■ **EXERCISE INSTRUCTIONS**
Word for word, copy out every line of the records, omitting each picture.

■ **RECORDS SUPPLIED**

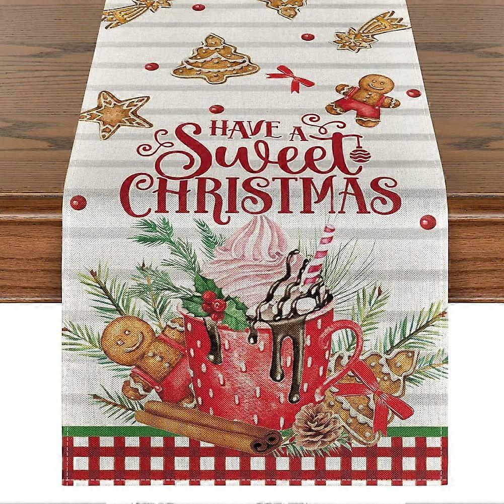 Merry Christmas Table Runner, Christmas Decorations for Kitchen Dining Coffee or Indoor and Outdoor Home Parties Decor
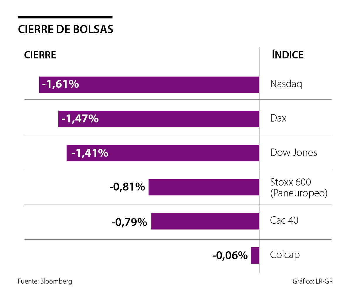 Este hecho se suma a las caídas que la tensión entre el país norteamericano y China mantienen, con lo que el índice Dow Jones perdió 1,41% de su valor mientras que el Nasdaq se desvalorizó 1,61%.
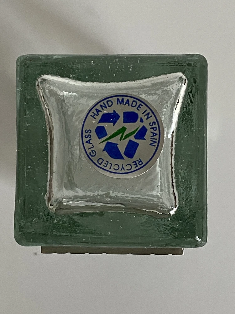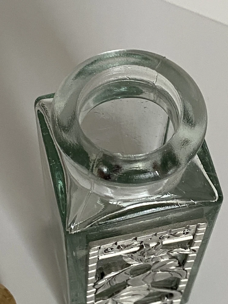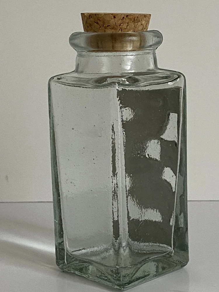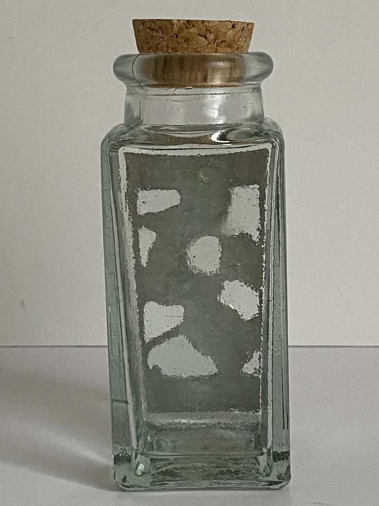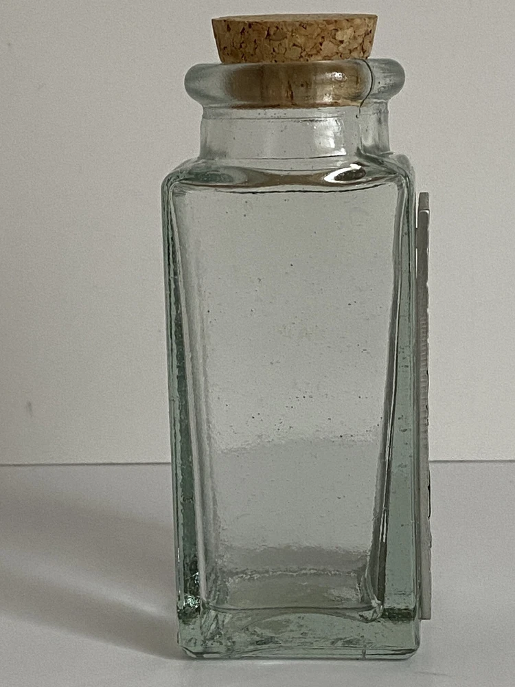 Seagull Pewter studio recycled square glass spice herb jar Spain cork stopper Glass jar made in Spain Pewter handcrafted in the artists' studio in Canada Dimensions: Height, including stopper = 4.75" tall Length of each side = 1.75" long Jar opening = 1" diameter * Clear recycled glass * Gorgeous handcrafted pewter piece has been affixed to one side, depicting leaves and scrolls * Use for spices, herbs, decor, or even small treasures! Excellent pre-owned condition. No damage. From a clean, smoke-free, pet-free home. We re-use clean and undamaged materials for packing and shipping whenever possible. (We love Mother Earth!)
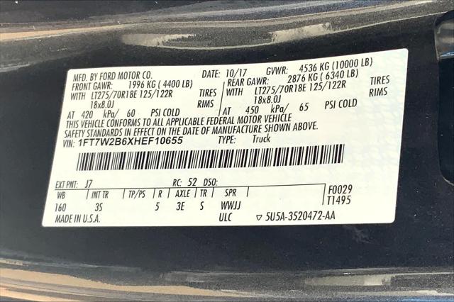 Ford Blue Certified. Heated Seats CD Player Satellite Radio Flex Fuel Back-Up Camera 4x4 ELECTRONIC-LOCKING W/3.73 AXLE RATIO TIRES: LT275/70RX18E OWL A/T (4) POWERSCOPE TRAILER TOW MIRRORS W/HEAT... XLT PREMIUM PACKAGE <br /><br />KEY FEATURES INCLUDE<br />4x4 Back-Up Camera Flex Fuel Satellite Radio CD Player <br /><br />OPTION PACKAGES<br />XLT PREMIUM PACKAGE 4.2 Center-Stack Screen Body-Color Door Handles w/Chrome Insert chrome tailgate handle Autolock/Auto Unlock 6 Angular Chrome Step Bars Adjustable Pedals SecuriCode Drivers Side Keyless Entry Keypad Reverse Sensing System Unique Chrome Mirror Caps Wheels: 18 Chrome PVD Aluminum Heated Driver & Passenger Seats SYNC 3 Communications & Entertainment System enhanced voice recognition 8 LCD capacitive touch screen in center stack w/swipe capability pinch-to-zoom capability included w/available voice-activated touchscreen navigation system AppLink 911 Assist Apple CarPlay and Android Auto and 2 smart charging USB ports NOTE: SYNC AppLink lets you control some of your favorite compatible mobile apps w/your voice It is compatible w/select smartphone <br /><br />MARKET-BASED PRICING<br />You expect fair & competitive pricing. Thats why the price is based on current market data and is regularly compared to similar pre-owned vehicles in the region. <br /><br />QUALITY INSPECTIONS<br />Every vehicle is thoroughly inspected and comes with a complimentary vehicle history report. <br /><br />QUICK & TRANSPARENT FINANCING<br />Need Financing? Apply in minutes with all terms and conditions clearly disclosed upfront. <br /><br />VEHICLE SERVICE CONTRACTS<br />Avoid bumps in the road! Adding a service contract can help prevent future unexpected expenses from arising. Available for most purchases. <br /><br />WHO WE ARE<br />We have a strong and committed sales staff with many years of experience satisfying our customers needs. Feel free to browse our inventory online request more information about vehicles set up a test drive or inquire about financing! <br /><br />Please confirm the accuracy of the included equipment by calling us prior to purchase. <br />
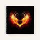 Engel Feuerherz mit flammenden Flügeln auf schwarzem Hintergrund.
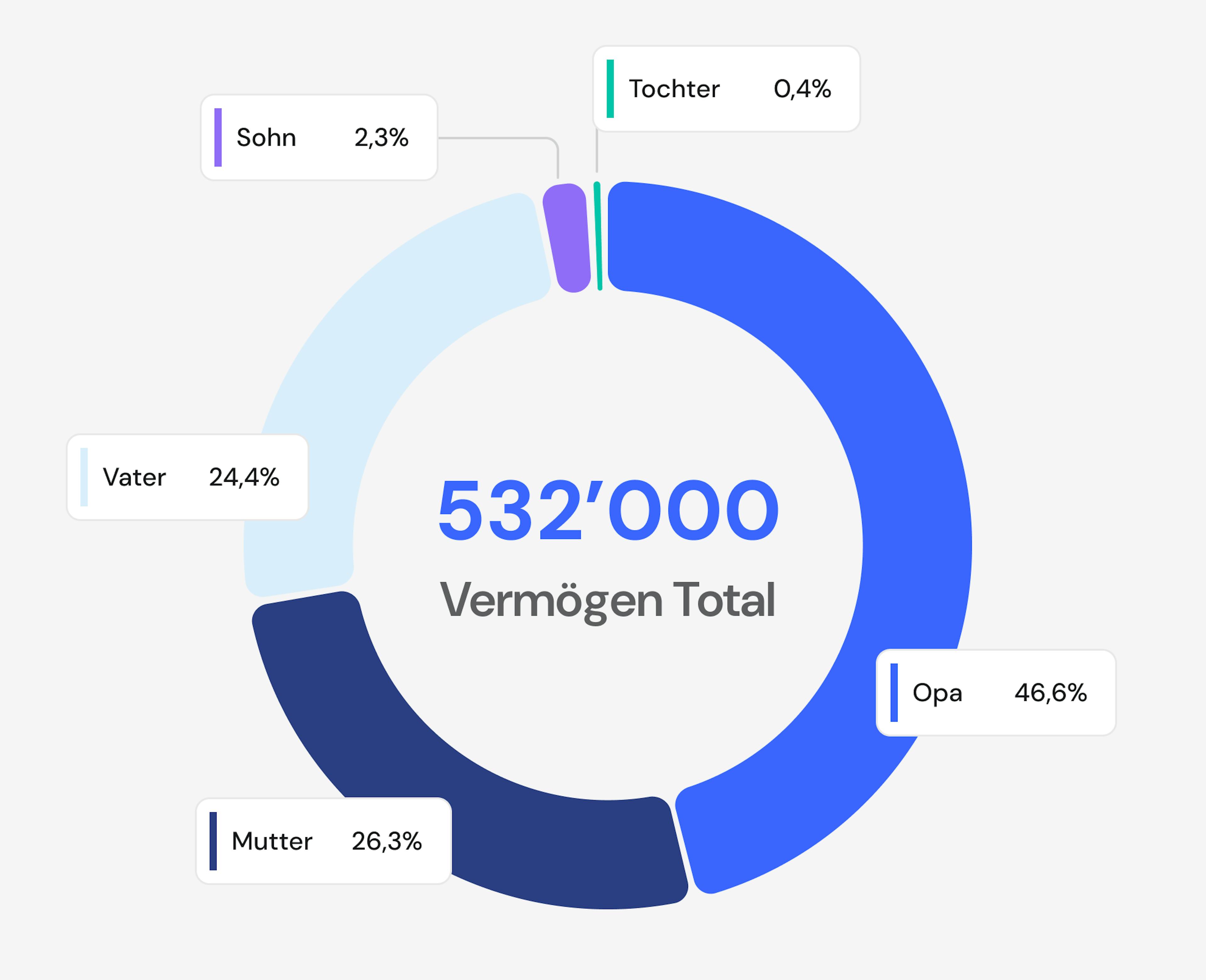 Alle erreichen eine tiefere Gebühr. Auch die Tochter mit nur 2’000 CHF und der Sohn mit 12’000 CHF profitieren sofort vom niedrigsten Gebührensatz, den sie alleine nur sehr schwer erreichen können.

■ **ANSWER TO THE PROBLEM**
 Merry Christmas Table Runner, Christmas Decorations for Kitchen Dining Coffee or Indoor and Outdoor Home Parties Decor
 Este hecho se suma a las caídas que la tensión entre el país norteamericano y China mantienen, con lo que el índice Dow Jones perdió 1,41% de su valor mientras que el Nasdaq se desvalorizó 1,61%.
 Seagull Pewter studio recycled square glass spice herb jar Spain cork stopper Glass jar made in Spain Pewter handcrafted in the artists' studio in Canada Dimensions: Height, including stopper = 4.75" tall Length of each side = 1.75" long Jar opening = 1" diameter * Clear recycled glass * Gorgeous handcrafted pewter piece has been affixed to one side, depicting leaves and scrolls * Use for spices, herbs, decor, or even small treasures! Excellent pre-owned condition. No damage. From a clean, smoke-free, pet-free home. We re-use clean and undamaged materials for packing and shipping whenever possible. (We love Mother Earth!)
 Ford Blue Certified. Heated Seats CD Player Satellite Radio Flex Fuel Back-Up Camera 4x4 ELECTRONIC-LOCKING W/3.73 AXLE RATIO TIRES: LT275/70RX18E OWL A/T (4) POWERSCOPE TRAILER TOW MIRRORS W/HEAT... XLT PREMIUM PACKAGE <br /><br />KEY FEATURES INCLUDE<br />4x4 Back-Up Camera Flex Fuel Satellite Radio CD Player <br /><br />OPTION PACKAGES<br />XLT PREMIUM PACKAGE 4.2 Center-Stack Screen Body-Color Door Handles w/Chrome Insert chrome tailgate handle Autolock/Auto Unlock 6 Angular Chrome Step Bars Adjustable Pedals SecuriCode Drivers Side Keyless Entry Keypad Reverse Sensing System Unique Chrome Mirror Caps Wheels: 18 Chrome PVD Aluminum Heated Driver & Passenger Seats SYNC 3 Communications & Entertainment System enhanced voice recognition 8 LCD capacitive touch screen in center stack w/swipe capability pinch-to-zoom capability included w/available voice-activated touchscreen navigation system AppLink 911 Assist Apple CarPlay and Android Auto and 2 smart charging USB ports NOTE: SYNC AppLink lets you control some of your favorite compatible mobile apps w/your voice It is compatible w/select smartphone <br /><br />MARKET-BASED PRICING<br />You expect fair & competitive pricing. Thats why the price is based on current market data and is regularly compared to similar pre-owned vehicles in the region. <br /><br />QUALITY INSPECTIONS<br />Every vehicle is thoroughly inspected and comes with a complimentary vehicle history report. <br /><br />QUICK & TRANSPARENT FINANCING<br />Need Financing? Apply in minutes with all terms and conditions clearly disclosed upfront. <br /><br />VEHICLE SERVICE CONTRACTS<br />Avoid bumps in the road! Adding a service contract can help prevent future unexpected expenses from arising. Available for most purchases. <br /><br />WHO WE ARE<br />We have a strong and committed sales staff with many years of experience satisfying our customers needs. Feel free to browse our inventory online request more information about vehicles set up a test drive or inquire about financing! <br /><br />Please confirm the accuracy of the included equipment by calling us prior to purchase. <br />
 Engel Feuerherz mit flammenden Flügeln auf schwarzem Hintergrund.
 Alle erreichen eine tiefere Gebühr. Auch die Tochter mit nur 2’000 CHF und der Sohn mit 12’000 CHF profitieren sofort vom niedrigsten Gebührensatz, den sie alleine nur sehr schwer erreichen können.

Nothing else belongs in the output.